Donate
Society and Politics

Inside Russia's Wartime Universities: A Digest

The full-scale invasion of Ukraine has brought significant changes to Russian universities. Yet many of these developments remain largely invisible to international audiences, not least because access to independent Russian-language media is limited by linguistic barriers. Coverage of Russian higher education in Anglophone and other international media also remains scarce. The University Platform believes it is essential to document the state of wartime academia in Russia and make this information accessible to an international audience in order to foster transnational academic solidarity. To this end, we plan to publish an annual analytical digest synthesising the most important research, reporting, and commentary on Russian higher education available in Russian and English.

The first edition examines the transformation of Russian higher education since 2022. It is organised into thematic sections covering institutional transformation, wartime adaptation, resistance, academic freedom, academic labour, and student living conditions. As the digest demonstrates, many of the challenges confronting Russian students and academics are not unique to Russia: authoritarianism, militarism, the rise of the far right, the neoliberal restructuring of universities, and growing academic precarity increasingly threaten higher education systems across the world.

If you find this digest useful, we encourage you to share it with colleagues interested in contemporary developments in Russian higher education.

Institutional Transformations

The full-scale invasion has triggered significant institutional transformations in Russian higher education. One of the most important trends has been its growing international isolation. Following the introduction of both general and sector-specific sanctions, Russian higher education institutions were excluded from most European programmes for academic cooperation in terms of research and student mobility. Dmitry Dubrovskiy describes this process as the "deglobalisation" of Russian higher education.

In response to its exclusion from the Bologna Process, Russia announced plans to develop its own "distinctive, nationally based" higher education system and proclaimed a strategic reorientation towards the Global South. However, as Svetlana Shenderova, Jeremy Morris, and Giorgio Comai have demonstrated, this reorientation has proved difficult to implement. Despite official declarations of a break with the West, Russian higher education policy has historically treated the Global North as its primary benchmark and reference point.

At the same time, the Russian government is pursuing a far-reaching reform of higher education. The reform is characterised by the restructuring of degree programmes, the expansion of targeted training schemes, and efforts to assign the graduates to workplaces. Russia plans to abandon the Bologna model entirely and replace the bachelor’s and master’s degree structure with a single integrated programme lasting between four and six years. The new model emphasises early professionalisation and provides students with less flexibility in shaping their educational trajectories. Another aspect of these new policies is the restriction of students' international mobility. The designation of organisations such as the British Council and the German Academic Exchange Service (DAAD) as "undesirable" has complicated access to international educational opportunities and further limited students' ability to study abroad.

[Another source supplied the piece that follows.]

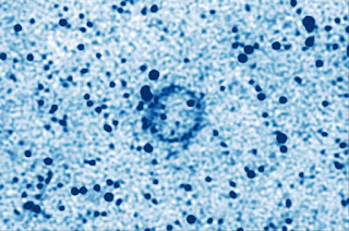 Even in the direction of a fairly densely packed part of the galaxy, the Kyklos ring stands out in this cleaned-up image of MeerKat’s L-band. Image Courtesy Of C. Bordiu (INAF)

Responding to labour shortages, the Kremlin seeks to establish a more direct link between university enrollment and employment. Medical university and college graduates have become the first targets of this policy. Legislation adopted in 2025 requires students enrolled in state-funded medical residency programmes to sign targeted employment contracts and work in designated positions for up to three years after graduation. Those who refuse are required to reimburse the state for the cost of their education. It remains unclear how these reforms will affect the employment prospects of young people in Russia. Many graduates already struggle to secure well-paid jobs related to their qualifications in an economy that remains largely organised according to neoliberal principles. 

Wartime adaptation 

Universities clearly contribute to normalising the war in Russian society, although the scale and forms of their militarisation remain difficult to assess. 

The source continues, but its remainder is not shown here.